For the past several years, AT&T has been seeing its exclusive contract with Apple pay dividends, with lucrative iPhone customers now making up an estimated 26 percent of its post-paid subscriber base. Verizon, meanwhile, has been pumping billions into its wireless infrastructure.
It’s gotten to the point where AT&T is a whopping $5 billion behind Verizon Wireless in the race to build America’s best wireless network, according to an independent research firm that studies the telecom industry.
Littleton, Colorado-based TownHall Investment Research says AT&T’s wireless business faces threats on several fronts, including the expensive need to link its wireline network to its wireless network and the potential end of its exclusive iPhone contract with Apple.
First on the fix-it list, though, according to TownHall, is wireless connectivity and reliability. “The wireless network quality has been the elephant in the room for AT&T,” said Gerard Hallaren, director of research at TownHall. “I think it’s a major issue for them.”
According to TownHall’s research, between January 2006 and September 2009, AT&T spent about $21.6 billion, or $308 per subscriber, on its wireless network.

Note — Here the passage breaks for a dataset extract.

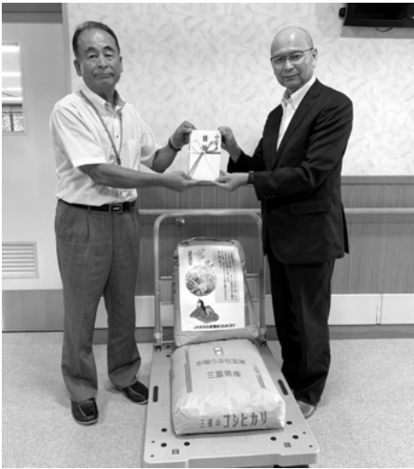
JA多気郡農協様から新米の寄贈

令和元年9月4日(水)にJA多気郡農協様から新米の寄贈がございました。頂戴いたしました新米は高齢者給食サービスのお弁当に使わせていただきます。ありがとうございました。

During that same period, Verizon Wireless spent about $25.4 billion, or nearly $353 per subscriber.
In addition to covering the $3.8 billion gap in wireless-network spending over the past three years, Hallaren said, AT&T will have to spend an additional $1.2 billion to handle future traffic demands.
An AT&T spokeswoman, McCall Butler, declined to comment on TownHall’s capital-expenditure figures, but said the research is based on incomplete information.
“They don’t provide a complete picture of AT&T’s significant investment to support our mobile broadband leadership,” she said. “Overall, we think our network performs really well.”